Ну, от зверюшек ты добился, чего хотел. Если, конечно, ты и вправду этого хотел - разнообразия; а тут и люди завелись, и уже с этой механикой... Да еще говорят, что страдание очищает, страдание облагораживает... кой черт - просто деваться некуда. Это все наследство еще от того ланцетника, а и он тоже получил готовенькое. Вроде кольца у быка в носу - чтобы шел, куда ведут, не упирался... Вот и весь смысл. Очень большой смысл, если подумать! Чего еще надо? Это ведь только говорится - кнут и пряник, а все понимают, что пряник так, для разговора, тут все дело - кнут... Вот с кнутом вся мистика и вышла...

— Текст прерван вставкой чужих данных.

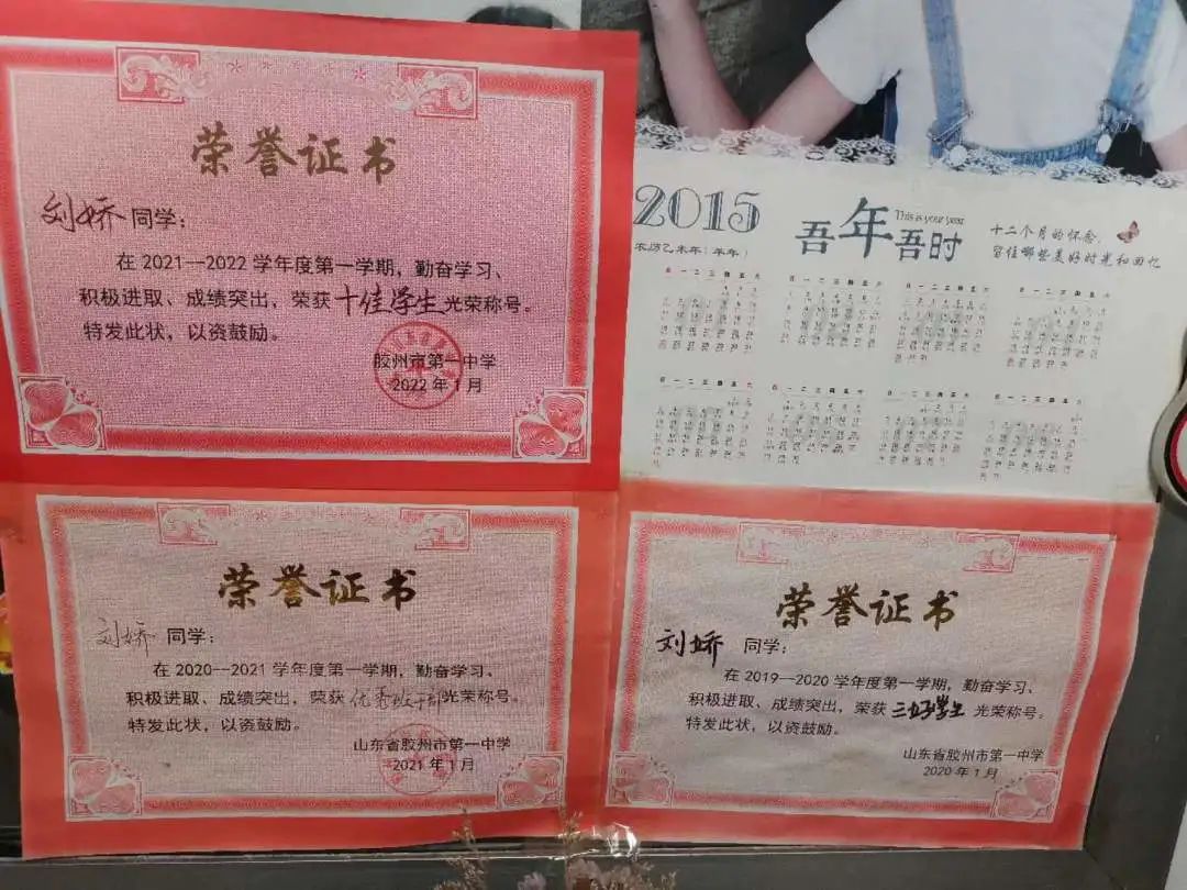 “优秀班干部”、“三好学生”、“十佳少年”……从小到大,刘娇获得的各项荣誉证书、奖牌、奖状,妈妈都细心地收好,有的贴在墙上,有的放在柜子里。这些荣誉见证着她的成长。此外,刘娇还是学校秧歌队主力成员,多次参加学校金秋艺术节,代表学校参加市里的比赛。

Профессор захрипел, застонал и смолк. Внимание мистера Томпкинса на миг было отвлечено странным явлением: в стороне, довольно далеко, он заметил группу людей, одетых фантастически. Они не то сражались, не то танцевали. Это было красиво, страшно и непостижимо. Мистер Томпкинс схватил сэра Ричарда за локоть. Сэр Ричард посмотрел туда, куда смотрел мистер Томпкинс, и молча покачал головой. Мистер Томпкинс уже и сам понял, что это ему кажется. Тем более, что он увидел еще такую же компанию.

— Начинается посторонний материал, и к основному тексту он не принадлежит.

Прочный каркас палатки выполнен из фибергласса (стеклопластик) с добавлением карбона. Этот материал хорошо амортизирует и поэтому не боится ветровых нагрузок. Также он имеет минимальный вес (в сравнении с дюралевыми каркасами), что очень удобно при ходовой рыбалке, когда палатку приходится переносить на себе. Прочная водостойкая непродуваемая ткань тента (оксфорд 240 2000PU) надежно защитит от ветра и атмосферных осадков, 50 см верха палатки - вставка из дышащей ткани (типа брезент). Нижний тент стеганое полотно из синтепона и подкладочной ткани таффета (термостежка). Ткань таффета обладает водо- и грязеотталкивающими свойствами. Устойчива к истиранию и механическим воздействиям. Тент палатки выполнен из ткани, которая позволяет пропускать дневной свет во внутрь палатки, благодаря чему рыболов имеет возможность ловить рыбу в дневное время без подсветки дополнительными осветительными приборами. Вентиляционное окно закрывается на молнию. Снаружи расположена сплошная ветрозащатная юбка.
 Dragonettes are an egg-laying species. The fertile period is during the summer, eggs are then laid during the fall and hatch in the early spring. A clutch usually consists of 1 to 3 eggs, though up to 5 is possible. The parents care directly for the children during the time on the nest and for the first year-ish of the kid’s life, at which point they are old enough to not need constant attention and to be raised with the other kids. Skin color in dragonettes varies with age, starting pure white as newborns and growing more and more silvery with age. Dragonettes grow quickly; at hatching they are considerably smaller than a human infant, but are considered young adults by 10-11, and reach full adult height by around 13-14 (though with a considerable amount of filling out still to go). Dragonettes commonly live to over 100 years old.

- Пора кончать это, - сказал Профессор. Он говорил теперь совсем иначе, задыхаясь, почти шепотом. И вдруг резко вскрикнул. - Ну не можем мы, не вышло это, не справились - а ты-то куда смотришь? Или, может, тебе нравится - смотреть? Что ж ты до сих пор ни одного палача не схватил за руку? Да знаю я, знаю, что это наше дело... Ну ладно, ну мы трусы, мы не видели, не посмели... Ты-то, ты все видишь, все можешь - где же ты? Кончай все это, слышишь? Кнут-то теперь у кого? У тебя? Как бы не так, у нас он, у нас... мы сами себя по кругу гоняем... а смысла в этом...

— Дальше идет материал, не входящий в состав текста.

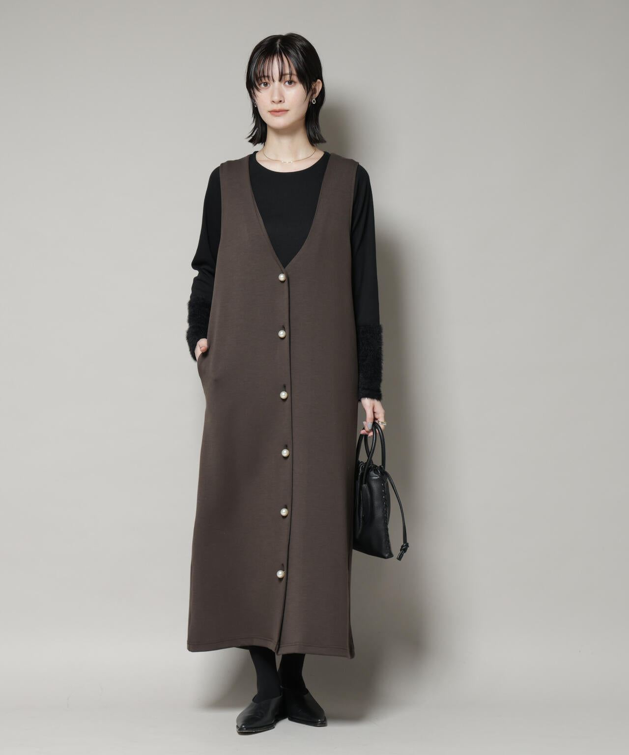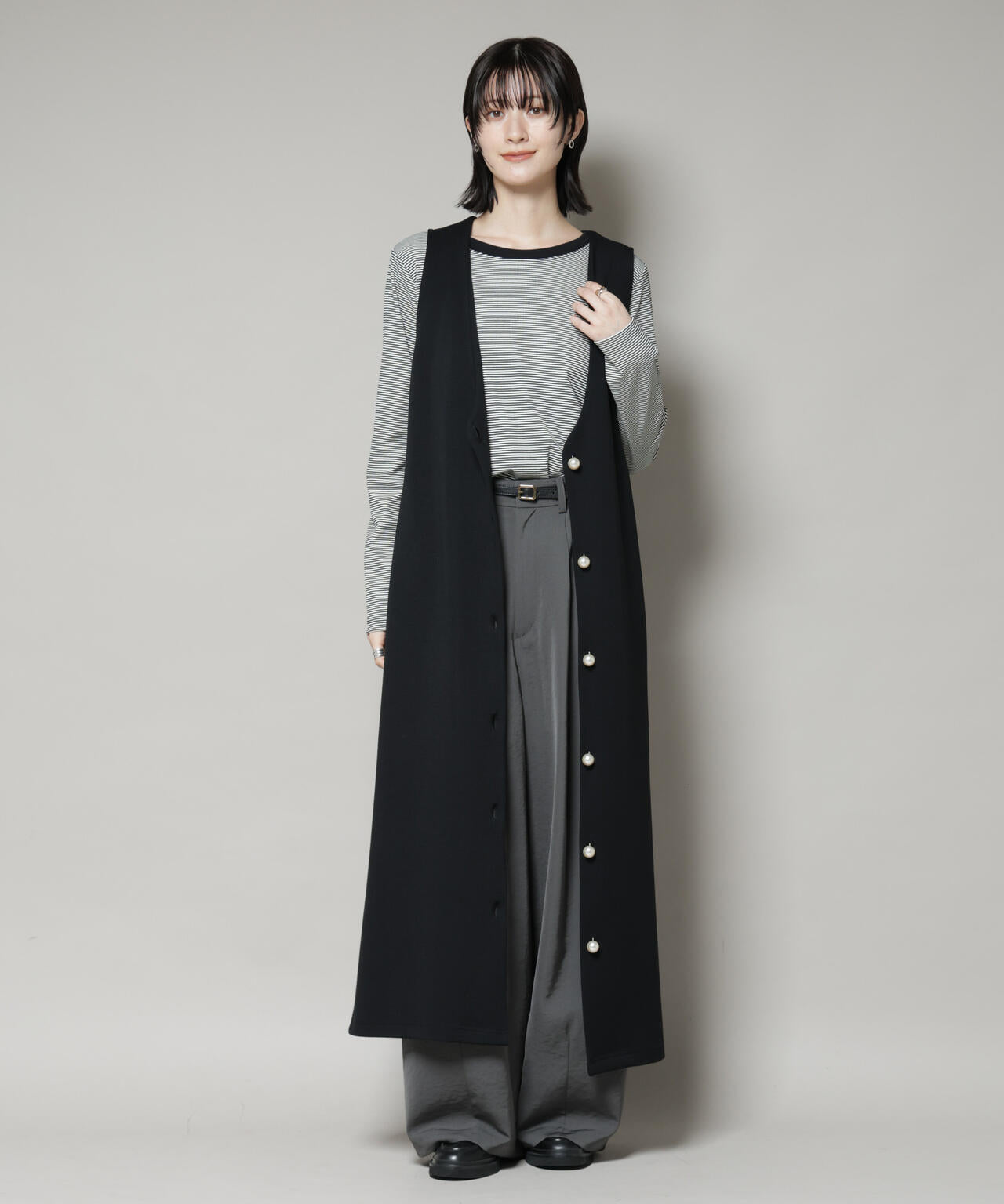 ジレワンピースの前を開けて、パンツスタイルに羽織っても素敵

Сэр Ричард слушал этот бред и молча скрипел зубами.
Мистер Томпкинс глядел по сторонам. Он слышал слова Профессора, но не вслушивался. Он забыл о своих мучениях, не чувствовал ни жажды, ни жары. Наоборот, его иногда знобило. Он смотрел и пытался разобраться. Танцующие фигуры и доисторические чудовища были, конечно, не настоящие. А вот эти лужицы голубого спиртового пламени, растекающиеся вокруг по опаленной почве? Кстати, почва превратилась теперь в каменный монолит в трещинах и выбоинах, тупо гудевший под ногами. Поверхность этого каменного стола была усеяна каменными обломками, а подальше громоздились не то скалы, не то башни - и вот в них мистер Томпкинс не был уверен. Не то чтобы они двигались или пытались исчезнуть; но была в них какая-то неприятная прозрачность, словно они были из желатина. Впрочем, вглядываясь подольше, он переставал понимать, где нашел эту прозрачность. Башни как башни. Каменные, древние.
Пока он разглядывал башни, солнце снова начало опускаться.
Солнце опускалось быстро, но все равно в это уже никто верил. Так и вышло. Оно остановилось градусах в тридцати над горизонтом, постояло, передвинулось вправо, пошло наверх, но в зенит не поднялось, а встало где-то на полпути. Странно, что от всех этих перемещений совершенно не менялись тени в каменных сооружениях, которые изучал мистер Томпкинс. Тени там вообще были странные, как-то не связанные с формой и величиной выступов и впадин; из-за этого еще трудно было понять что-нибудь.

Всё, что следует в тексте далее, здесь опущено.